Il se retrouva devant une maison à étage, les rideaux étaient tirés. On ne voyait donc pas l'intérieur. Les voisins étaient d'ors et déjà dehors, avec des sacs contenant quelques effets personnels.

«Y'a-t-il quelqu'un dans cette maison?

- Non, Sir. Elle est inoccupée depuis des lustres! Répondit un voisin.

- En êtes-vous certain?!

- Oui, Sir!»

Mais Watson ne pouvait croire à cela. Comment une maison à proximité de la Cité pouvait être inhabitée depuis des lustres? C'était tout bonnement impossible. Tandis que les flammes se rapprochaient dangereusement de la demeure, John pénétra à l'intérieur, se rendant immédiatement à l'étage. Il découvrit bien entendu que la maison était habitée. Il tenta de déceler le moindre détails lui permettant de comprendre la personne vivant en ce lieu. Il décida de poursuivre sa démarche en se rendant au grenier. Il pouvait entendre tousser, signe indéniable que le feu avait pris possession du toit. Il se dépêcha, ouvrit dans un grand fracas la trappe menant sous les combles, ce qui valut d'attiser le feu en créant un appel d'air. Il retrouva parmi six ruches d'abeilles, un jeune homme pauvrement vêtu, chétif, serrant dans ses bras ce qui semblait être un manuscrit. Il semblait tétanisé.
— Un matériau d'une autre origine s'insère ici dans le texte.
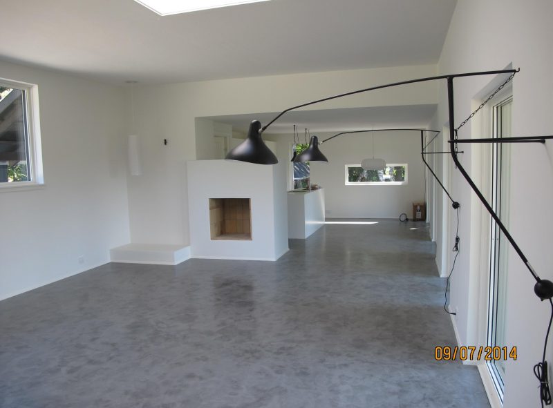 Det oprindelige atelierrum er blevet udvidet i hele husets længde. Sammen mad ovenlys og vinduesreguleringer er der skabt et nyt arkitektonisk spændende inspirerende rum.

«Venez avec moi! Lui cria John.

- Non.

- Le feu va terrasser votre maison et vous mourrez asphyxié!

- Je n'en ai que faire! Le travail de toute une vie, des centaines d'abeilles viennent de mourir et fuir leur ruche! Je ne partirais pas!

- Vos voisins s'inquiètent pour vous!

- Oh, dîtes plutôt que vous, vous inquiétez pour moi!

- Je me soucis de n'importe quel londonien, mais si cela vous décide à quitter cet enfer, alors dans ce cas là, oui je me soucis de vous!»

Le jeune homme se leva, gardant toujours contre lui son manuscrit. Il se dirigea vers John, remarquant sa stature très militaire alors qu'il s'approchait pour l'aider. Soudainement, une poutre céda sous le poids des flammes ravageant la charpente et vint ensevelir l'ancien militaire. Un gémissement de douleur se fit entendre au dehors, à travers le brasier. Sa jambe était prise sous les décombres en flamme.

«Partez! Lui cria-t-il.»

Le jeune homme ne pouvait pas le laisser là. Au plus profond de son âme, quelque chose lui criait de ne pas l'abandonner. Les craquements du bois se faisaient menaçants, l'air devenait irrespirable. Sherlock s'empara d'une planche traînant sur le sol et vint la positionner de sorte à ce qu'elle fasse office de levier et ainsi sortir son sauveur de sa prison de bois. Le pauvre souffrait le martyr et le brun ne parvenait pas à soulever cette poutre. John l'observa se débattre, gardant un œil sur l'avancée du feu. Il saisit son courage à deux mains, tentant alors de soulever cette poutre, aidant le levier du jeune homme. Il parvint à se dégager de son emprise.